Form 8-K

 

 

UNITED STATES

SECURITIES AND EXCHANGE COMMISSION

WASHINGTON, DC 20549

 

 

FORM 8-K

 

 

CURRENT REPORT

PURSUANT TO SECTION 13 OR 15(d) OF THE

SECURITIES EXCHANGE ACT OF 1934

Date of report (Date of earliest event reported): June 10, 2010 (June 10, 2010)

 

 

Magellan Petroleum Corporation

(Exact Name of Registrant as Specified in Its Charter)

 

 

Delaware

(State or Other Jurisdiction of Incorporation)

 

1-5507     06-0842255
(Commission File Number)     (IRS Employer Identification No.)
7 Custom House Street, Portland, ME     04101
(Address of Principal Executive Offices)     (Zip Code)

207-619-8500

(Registrant’s Telephone Number, Including Area Code)

 

(Former Name or Former Address, if Changed Since Last Report)

 

 

Check the appropriate box below if the Form 8-K filing is intended to simultaneously satisfy the filing obligation of the registrant under any of the following provisions (see General Instruction A.2. below):

 

¨ Written communications pursuant to Rule 425 under the Securities Act (17 CFR 230.425)

 

¨ Soliciting material pursuant to Rule 14a-12 under the Exchange Act (17 CFR 240.14a-12)

 

¨ Pre-commencement communications pursuant to Rule 14d-2(b) under the Exchange Act (17 CFR 240.14d-2(b))

 

¨ Pre-commencement communications pursuant to Rule 13e-4(c) under the Exchange Act (17 CFR 240.13e-4(c)

 

 

 


Item 7.01 Regulation FD Disclosure

On June 10, 2010, representatives of Magellan Petroleum Corporation (the “Company”), including William H. Hastings, President and CEO, conducted a presentation of the Company’s current business plans and valuation assumptions at the Oil and Gas Investment Symposium held in London, U.K. sponsored by the Independent Petroleum Association of America.
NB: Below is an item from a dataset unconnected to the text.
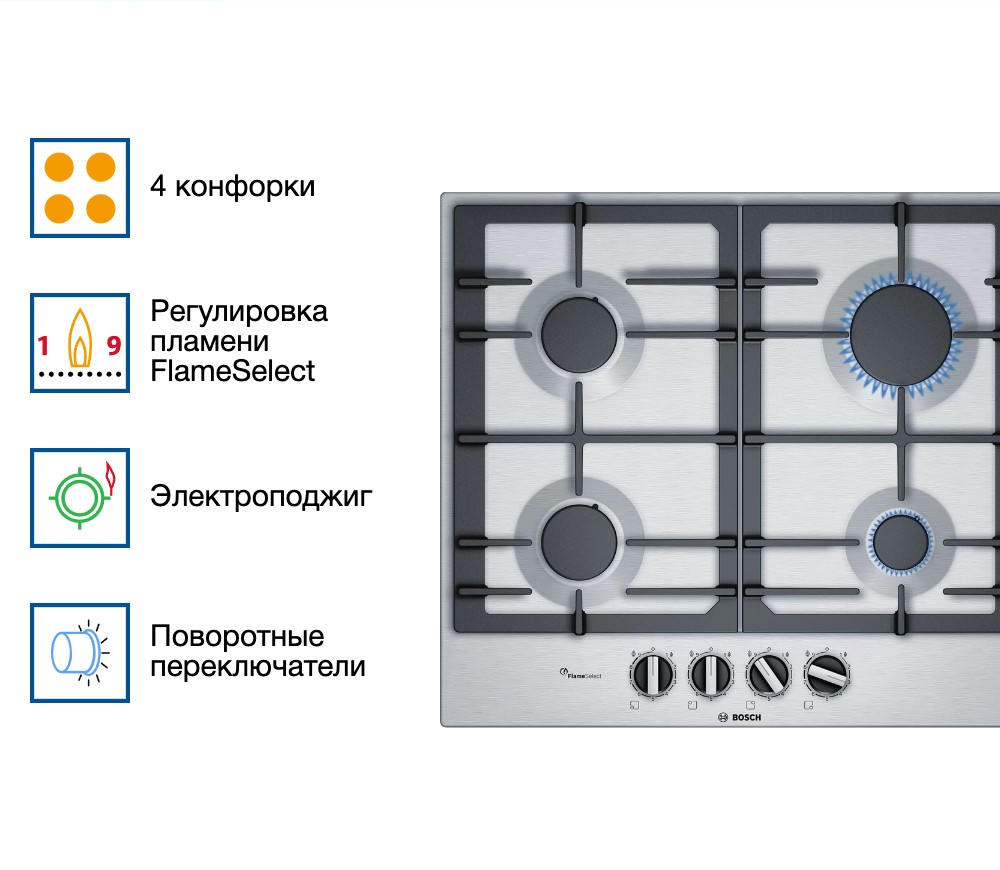 Варочная панель Bosch PCP6A5B90M выполнена из нержавеющей стали. Такой материал особенно устойчив к высоким температурам и моющим средствам. Он отличается долгим сроком эксплуатации. Открытый огонь не страшен ни Вам, ни вашей посуде — горелки надежно закрыты решетками. Чугунные решетки устойчивы к высоким температурам и долговечны. Они дополняют дизайн моделей, долго сохраняют свой внешний вид, безопасны при приготовлении, а также шероховатая поверхность не позволяет скользить посуде.

The Company’s presentation is furnished herewith as Exhibit 99.1 and is incorporated by reference herein. The presentation has also been posted to the Company’s Website – www.magellanpetroleum.com. Such material may be presented to investors in the future.
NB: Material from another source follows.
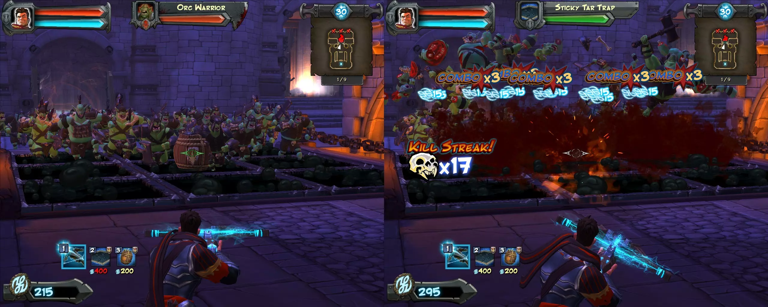 【无陷阱通关!】 在不使用任何陷阱的情况下,通关第二章或第三章的关卡。这包含两个成就,一个要求仅使用一种陷阱类型,另一个要求完全不使用陷阱。通过无陷阱通关,你可以同时获得这两个成就。 规则: - 弓箭手/圣骑士不算作“陷阱”(即你可以随意使用它们)。 - 自动弩算作“陷阱”(与《兽人必须死2》不同,在《兽人必须死2》中自动弩被视为守卫)。 - 各种环境危险(如酸液大锅、滚动原木等)算作“陷阱”。 - 你可以使用任何武器和技能。 获得这些成就最简单的地方是“竞技场”地图。你只需要“弓箭手”“圣骑士”和“冰之护身符”(可选“ bladestaff”)。 开始游戏时,购买“强化之刃”,并在每个门附近放置两名圣骑士。

The information in this Item 7.01, including Exhibit 99.1, is being furnished and shall not be deemed to be “filed” for purposes of Section 18 of the Securities Exchange Act of 1934, as amended, or otherwise subject to the liabilities of that Section and shall not be deemed incorporated by reference into any registration statement or other document filed pursuant to the Securities Act of 1933, as amended, except as shall be expressly set forth by specific reference in such filing.

 

Item 9.01 Financial Statements and Exhibits

(d) Exhibits.

The following exhibit is furnished herewith:

 

Exhibit
No.

  

Description

99.1    Company presentation to investors, dated June 10, 2010.


SIGNATURES

Pursuant to the requirements of the Securities Exchange Act of 1934, as amended, the Registrant has duly caused this report to be signed on its behalf by the undersigned, hereunto duly authorized.

 

MAGELLAN PETROLEUM CORPORATION
By:  

/s/    WILLIAM H. HASTINGS        

Name:   William H. Hastings
Title:   President and Chief Executive Officer

Dated: June 10, 2010


EXHIBIT INDEX

 

Exhibit
No.

  

Description

99.1    Company presentation to investors, dated June 10, 2010.